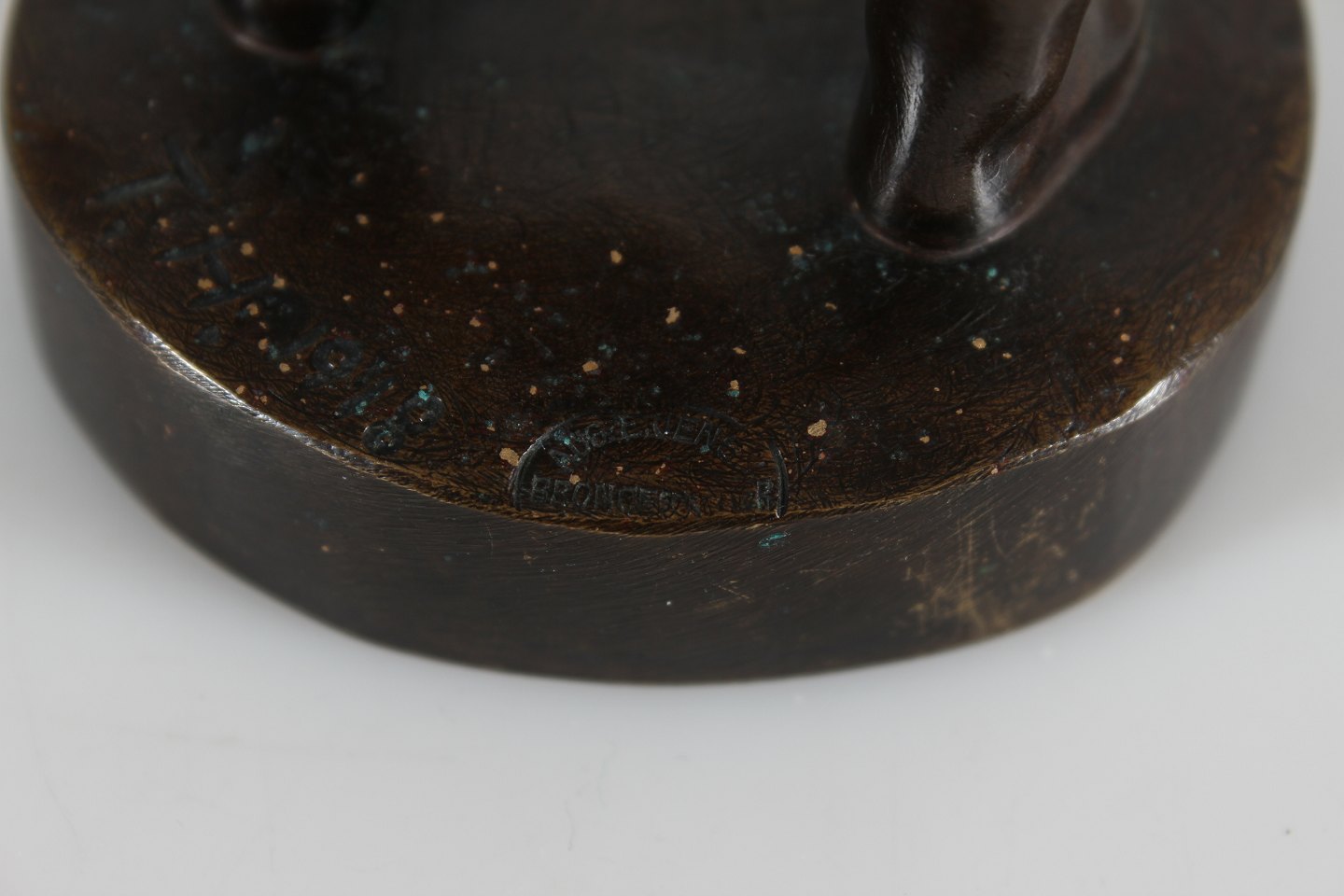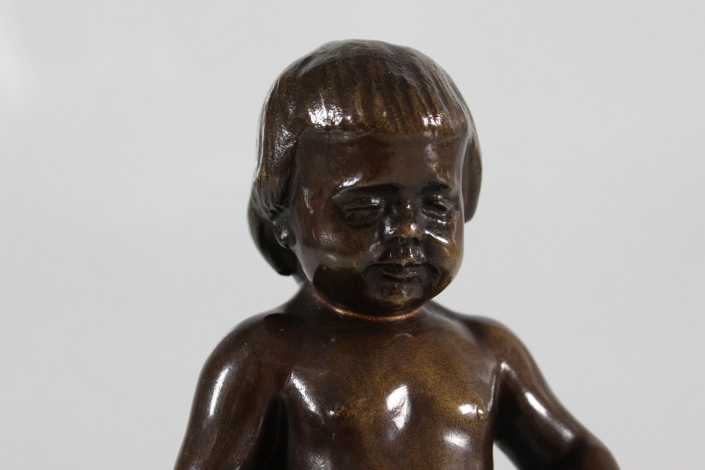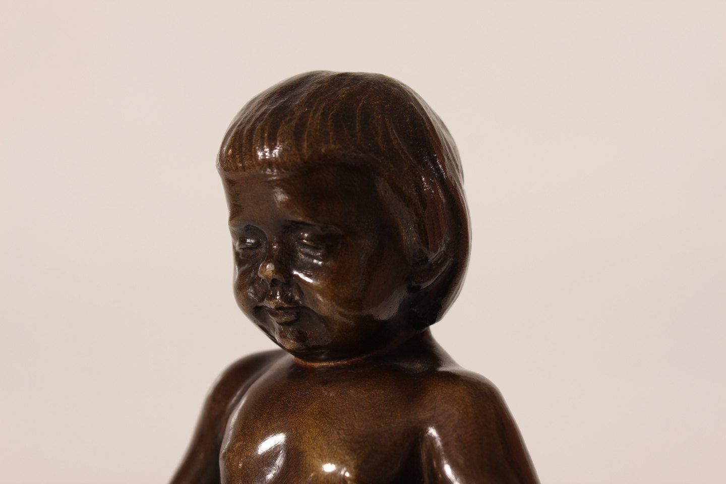 Bronze figurine Robust boy figurine made of bronze by August E. Jensen bronze foundry in Copenhagen Sign. T.H. 1918 Height 19.5 Nice condition with good patina
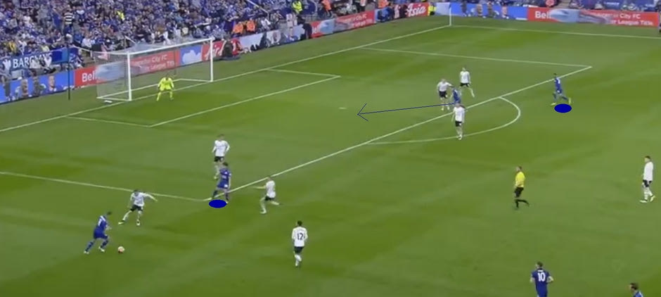 Στην επίθεση συμμετείχαν οι πλάγιοι αμυντικοί και οι κεντρικοί μέσοι χωρίς όμως να κάνουν ταυτόχρονες προωθήσεις και οι δύο στην ίδια πτέρυγα. Οι ακραίοι μέσοι έπαιζαν με ανάποδα πόδια, έκλειναν προς τον άξονα και έκαναν σέντρα με στόχο τον Βάρντι που βρισκόταν ανάμεσα στον στόπερ και τον ακραίο μπακ της απέναντι πλευράς. Ο Οκαζάκι έκανε κίνηση στα πλάγια τραβώντας μαζί του τον στόπερ και δημιουργώντας κενό χώρο για να κινηθεί ο Βάρντι στην αντίπαλη περιοχή.
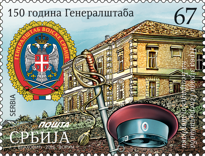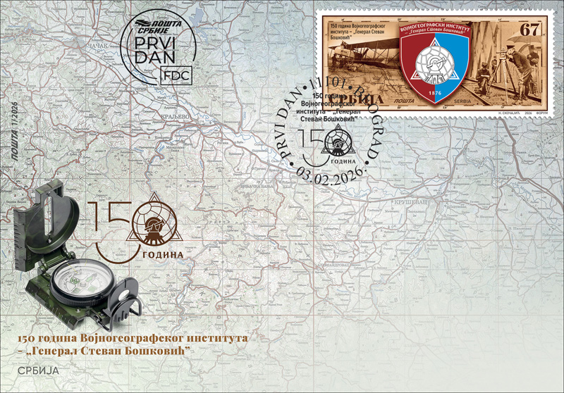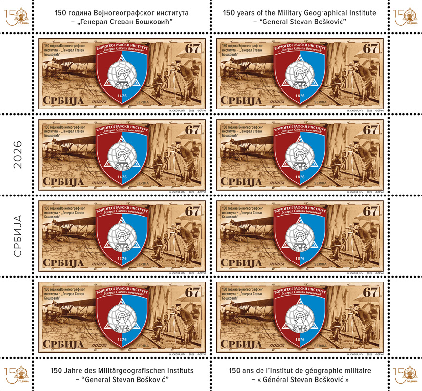 Нацрт: 1428 – амблем Војногеографског института “Генерал Стеван Бошковић“, у позадини фотографија старог премера на којој је генерал Бошковић и фотографија старог авиона, обе из архиве.
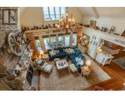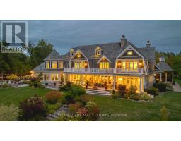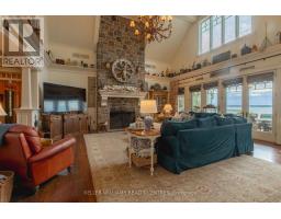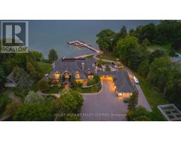 A rare opportunity to own one of Lake Simcoe's most preeminent Lakefront Estates. Set on nearly 7 acres with 280' of prime shoreline, this classic and elegant residence combines 100 year old charm & timeless craftsmanship of the Hamptons with resort-style amenities for an unparalleled lifestyle. A grand fieldstone fence, over a century old, frames the 700' frontage & sets the tone for the elegance within. Inside, every detail has been thoughtfully curated: Brenlo moldings & doors, bead board walls, 12" baseboards, tin & coffered ceilings, & replica antique push-button switches add period charm. The bespoke Bloomsbury kitchen, butlers pantry & baths feature marble counters, porcelain sinks & Gingers plumbing fixtures, 7 bedrooms & 8 bathrooms are appointed with marble and hexagon tile flooring. Rich dark stained Hemlock floors flow throughout, anchored by 8 fireplaces: 4 wood burning, 4 gas, creating warmth & intimacy. A 20' high backlit stained glass domed ceiling is the highlight of the breathtaking main hall with 2 ornate staircases and B/I bookcases. Multiple staircases connect all levels, while walkouts lead to expansive verandas, terraces & balconies with incredible lake views & year round sunsets. A 60' covered porch overlooks the lake, perfect for hosting. Outdoors, indulge in 280' of sandy beach, a 200' permanent dock with 3 boat slips & an insulated & drywalled 2250 SQ' 5 bay garage & a separate 800 SQ' garage used for landscape equipment & storage. Lusciously landscaped with perennial gardens, a fenced vegetable garden, tennis court, & an extraordinary 2,700 SQ'. patio with a historic circular bronze fountain & fieldstone fireplace create a private sanctuary. The open breezeway, black slate terraces, cedar shake roof, & Copperwork eaves exemplify enduring quality. This estate is more than a home it is a legacy property designed for family, entertaining & waterfront living at its finest. (id:47351)
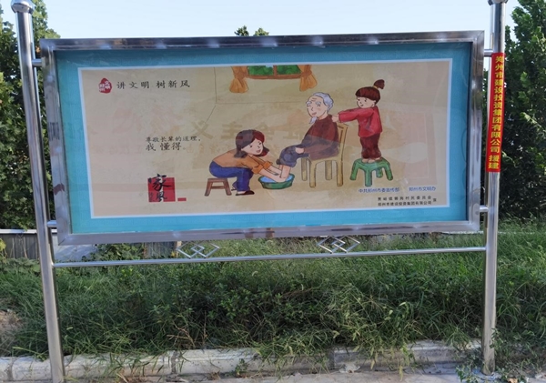 四、設置宣傳載體,營(yíng)造文明家園濃郁氛圍。今年,集團公司為郭崗村提供3萬(wàn)余元幫扶資金幫助其打造了精神文明專(zhuān)欄,分為家風(fēng)家訓(名人家風(fēng))專(zhuān)欄,“講文明 樹(shù)新風(fēng)”(孝當先、傳承家風(fēng))、“文明健康 有你有我”公益廣告等內容,使社會(huì )主義核心價(jià)值觀(guān)深刻融入到村民的生產(chǎn)生活和精神世界,形成全體村民的修身行善共識和明禮守法自覺(jué),為促進(jìn)郭崗村經(jīng)濟健康發(fā)展、構建美麗鄉村、文明家園打下良好根基。
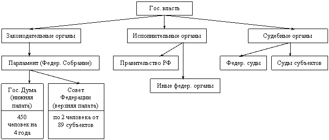 Гос власть в РФ подразделяется на органы законодательной, исполнительной и судебной ветвей власти. При этом 1 ветвь гос. власти ограничивается другой; различные ее ветви взаимно уравновешивают друг друга, предотвращая монополизация власти каким-либо одним органом.

——————

# [Task]
Each record above is to be copied exactly. Drop the pictures.

# [Finished exercise]
 Bronze figurine Robust boy figurine made of bronze by August E. Jensen bronze foundry in Copenhagen Sign. T.H. 1918 Height 19.5 Nice condition with good patina
 Στην επίθεση συμμετείχαν οι πλάγιοι αμυντικοί και οι κεντρικοί μέσοι χωρίς όμως να κάνουν ταυτόχρονες προωθήσεις και οι δύο στην ίδια πτέρυγα. Οι ακραίοι μέσοι έπαιζαν με ανάποδα πόδια, έκλειναν προς τον άξονα και έκαναν σέντρα με στόχο τον Βάρντι που βρισκόταν ανάμεσα στον στόπερ και τον ακραίο μπακ της απέναντι πλευράς. Ο Οκαζάκι έκανε κίνηση στα πλάγια τραβώντας μαζί του τον στόπερ και δημιουργώντας κενό χώρο για να κινηθεί ο Βάρντι στην αντίπαλη περιοχή.
 Нацрт: 1428 – амблем Војногеографског института “Генерал Стеван Бошковић“, у позадини фотографија старог премера на којој је генерал Бошковић и фотографија старог авиона, обе из архиве.
 A rare opportunity to own one of Lake Simcoe's most preeminent Lakefront Estates. Set on nearly 7 acres with 280' of prime shoreline, this classic and elegant residence combines 100 year old charm & timeless craftsmanship of the Hamptons with resort-style amenities for an unparalleled lifestyle. A grand fieldstone fence, over a century old, frames the 700' frontage & sets the tone for the elegance within. Inside, every detail has been thoughtfully curated: Brenlo moldings & doors, bead board walls, 12" baseboards, tin & coffered ceilings, & replica antique push-button switches add period charm. The bespoke Bloomsbury kitchen, butlers pantry & baths feature marble counters, porcelain sinks & Gingers plumbing fixtures, 7 bedrooms & 8 bathrooms are appointed with marble and hexagon tile flooring. Rich dark stained Hemlock floors flow throughout, anchored by 8 fireplaces: 4 wood burning, 4 gas, creating warmth & intimacy. A 20' high backlit stained glass domed ceiling is the highlight of the breathtaking main hall with 2 ornate staircases and B/I bookcases. Multiple staircases connect all levels, while walkouts lead to expansive verandas, terraces & balconies with incredible lake views & year round sunsets. A 60' covered porch overlooks the lake, perfect for hosting. Outdoors, indulge in 280' of sandy beach, a 200' permanent dock with 3 boat slips & an insulated & drywalled 2250 SQ' 5 bay garage & a separate 800 SQ' garage used for landscape equipment & storage. Lusciously landscaped with perennial gardens, a fenced vegetable garden, tennis court, & an extraordinary 2,700 SQ'. patio with a historic circular bronze fountain & fieldstone fireplace create a private sanctuary. The open breezeway, black slate terraces, cedar shake roof, & Copperwork eaves exemplify enduring quality. This estate is more than a home it is a legacy property designed for family, entertaining & waterfront living at its finest. (id:47351)
 四、設置宣傳載體,營(yíng)造文明家園濃郁氛圍。今年,集團公司為郭崗村提供3萬(wàn)余元幫扶資金幫助其打造了精神文明專(zhuān)欄,分為家風(fēng)家訓(名人家風(fēng))專(zhuān)欄,“講文明 樹(shù)新風(fēng)”(孝當先、傳承家風(fēng))、“文明健康 有你有我”公益廣告等內容,使社會(huì )主義核心價(jià)值觀(guān)深刻融入到村民的生產(chǎn)生活和精神世界,形成全體村民的修身行善共識和明禮守法自覺(jué),為促進(jìn)郭崗村經(jīng)濟健康發(fā)展、構建美麗鄉村、文明家園打下良好根基。
 Гос власть в РФ подразделяется на органы законодательной, исполнительной и судебной ветвей власти. При этом 1 ветвь гос. власти ограничивается другой; различные ее ветви взаимно уравновешивают друг друга, предотвращая монополизация власти каким-либо одним органом.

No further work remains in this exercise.